> _Given data_
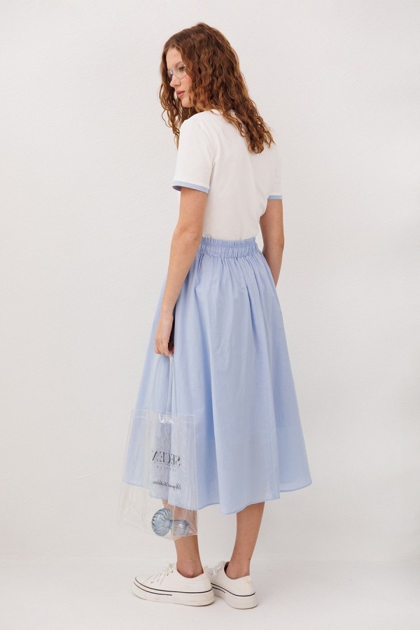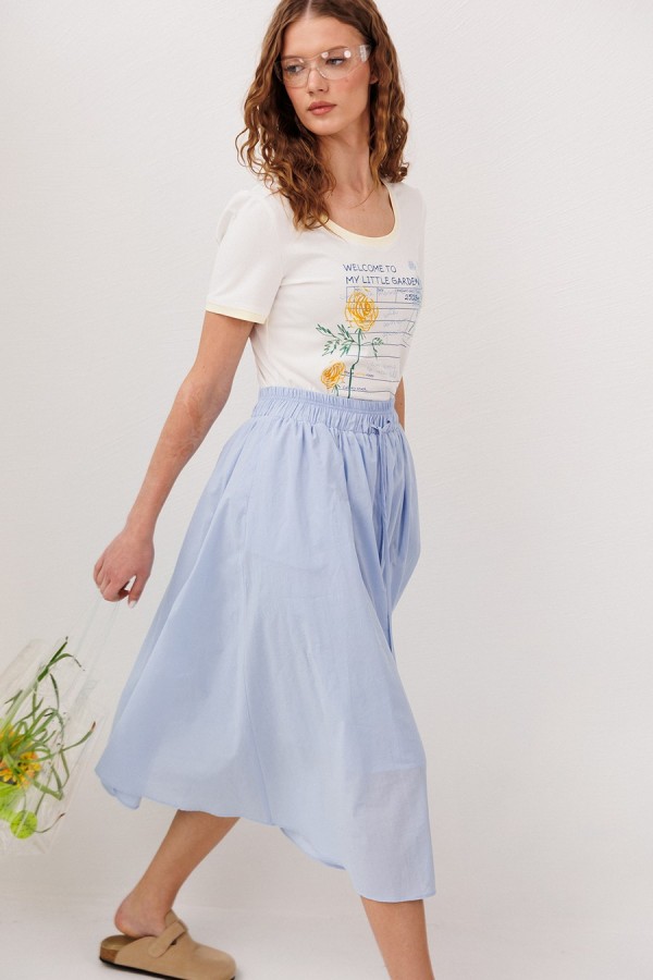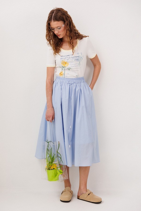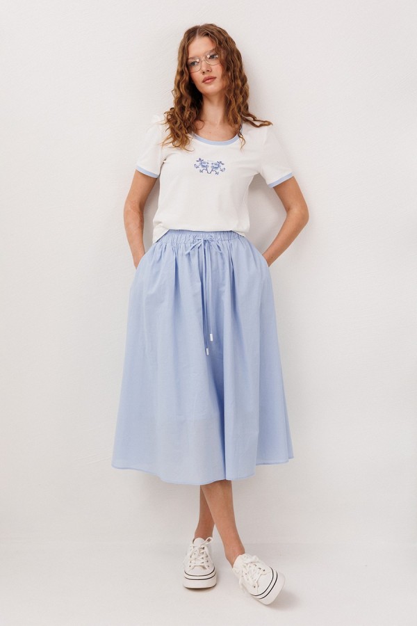 Юбка А-образного силуэта, на притачном отстроченном поясе на резинке и вставленным в него шнурком из основной ткани с наконечниками. Юбка на подкладке из основной ткани и карманами в боковом шве.
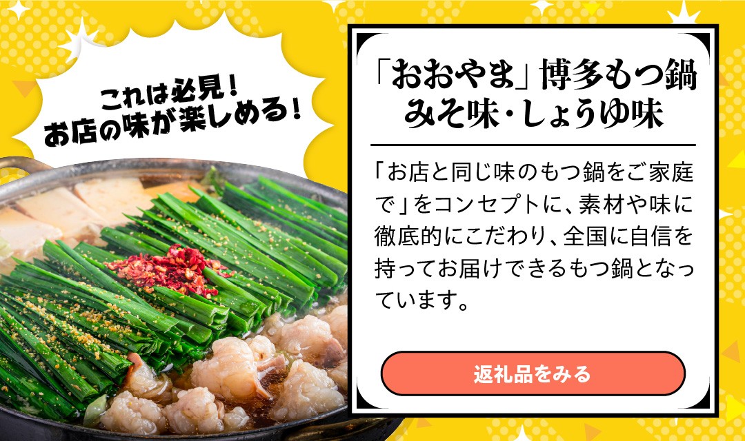 特徴:「超低温カット」というおおやまオリジナルの加工方法で、もつの脂と歯ごたえなどの食感が一番おいしく感じられるよう工夫しています。「お店と同じ味のもつ鍋をご家庭で」をコンセプトに、素材や味に徹底的にこだわり、全国に自信を持ってお届けできるもつ鍋となっています。
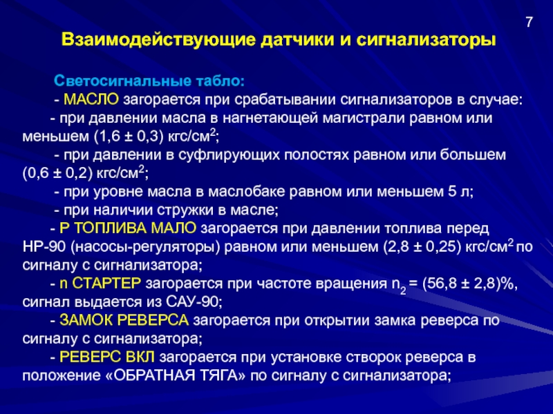 - Р ТОПЛИВА МАЛО загорается при давлении топлива перед НР-90 (насосы-регуляторы) равном или меньшем (2,8 ± 0,25) кгс/см2 по сигналу с сигнализатора;
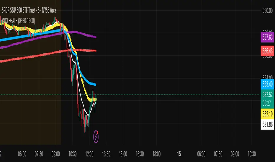 WOLFGATE is a clean, session-aware market structure and regime framework designed to help traders contextualize price action using widely accepted institutional references. The indicator focuses on structure, momentum alignment, and mean interaction, without generating trade signals or predictions.

> _Problem description_
Every line from the one containing "- Р ТОПЛИВА" to the last line of the material must be returned exactly. Leave out any pictures.

> _Worked solution_
 - Р ТОПЛИВА МАЛО загорается при давлении топлива перед НР-90 (насосы-регуляторы) равном или меньшем (2,8 ± 0,25) кгс/см2 по сигналу с сигнализатора;
 WOLFGATE is a clean, session-aware market structure and regime framework designed to help traders contextualize price action using widely accepted institutional references. The indicator focuses on structure, momentum alignment, and mean interaction, without generating trade signals or predictions.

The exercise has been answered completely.